Species of amphibian

The horned marsupial frog (Gastrotheca cornuta), originally named Nototrema cornutum (Boulenger) after the first describer George Albert Boulenger in 1898), is a species of frog in the family Hemiphractidae. It is an arboreal species found in Colombia, Costa Rica, Ecuador and Panama. Its natural habitats are tropical moist lowland forests and montane cloud forests. It is threatened by habitat loss.

==Description==
An adult Gastrotheca cornuta grows to about 7 to 8 cm long. The head is broad and the snout is rounded when viewed from above. The iris of the eye is bronze with a greenish center and the upper eyelid has a triangular peak. The skin on the back is smooth and has a number of transverse ridges. The fingers are unwebbed but have circular pads on their tips. The hind legs are long and the toes are partially webbed. The female has a pouch on her lower back in which she broods her eggs. The body color is pale brown at night but dark brown by day and there are pale markings between the mouth and eyes during the day. Permanent color features include narrow dark transverse stripes on the body, a dark line running from near the eye to the groin and a pinkish or light brown belly.

==Distribution==
Gastrotheca cornuta is a nocturnal species and is found in tropical forests and lower montane cloud forests in Limón Province, Costa Rica, and in adjoining areas of Panama on the Atlantic slope at altitudes between 300 and 700 m. In Colombia, Ecuador, and Panama it occurs on the Pacific side of the divide at altitudes between 90 and 1000 m above sea level. It lives high in the forest canopy.

==Life cycle==
The male Gastrotheca cornuta calls from high in the canopy to attract a mate. His call sounds like a champagne cork being drawn. The eggs of Gastrotheca cornuta are the largest known amphibian eggs. They are carried in individual chambers in the female's brood pouch. The developing embryos have umbrella-like external gills that spread out against the pouch wall, which is highly vascular. Gas exchange takes place through the wall of the pouch. There is no free-living tadpole stage for this species and when their development is complete, tiny froglets make their way out of the brood pouch.

==Status==
Gastrotheca cornuta is listed as "Critically Endangered" in the IUCN Red List of Threatened Species. Numbers of individuals across its range have been decreasing and it is no longer present in Costa Rica and Panama on the Atlantic slope. It has also decreased in numbers in Colombia and in Ecuador where it never was common. Its status in eastern Panama is unknown. The reasons for its decline include the disease chytridiomycosis, deforestation, and human activities.

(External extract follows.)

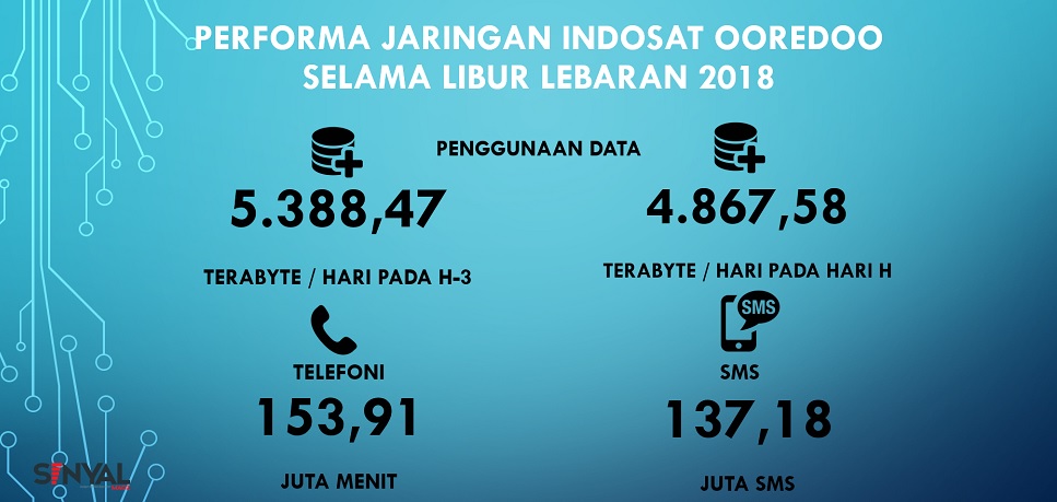 Indosat Ooredoo mencatat peningkatan traffic tertinggi untuk penggunaan Data adalah pada puncak arus mudik atau bertepatan dengan H-3 Lebaran sebesar 5.338,47 Terabyte/hari, atau naik 49,70% dibandingkan traffic Data reguler pada hari biasa. Sementara itu, penggunaan Data pada hari raya Idul Fitri 1439H sebesar 4,867.58 Terabyte/hari atau meningkat 73.03% dibandingkan tahun lalu. Hal tersebut sejalan dengan tren penggunaan social media yang semakin meningkat, baik sebagai hiburan saat menemani perjalanan mudik maupun untuk berkomunikasi dengan kerabat.

Scientists have reported the frog in several protected areas. It is also subject to captive breeding programs at Panama Amphibian Rescue and Conservation Project and Balsa de los Sapos in Ecuador.

==Dollo's Rule==
Gastrotheca cornuta is a noted exception to Dollo's Rule, which states that evolution is largely irreversible as macro-evolution takes place in smaller micro-evolutionary steps. It re-evolved mandibular teeth after over 200 million years of toothlessness in the lower jaw.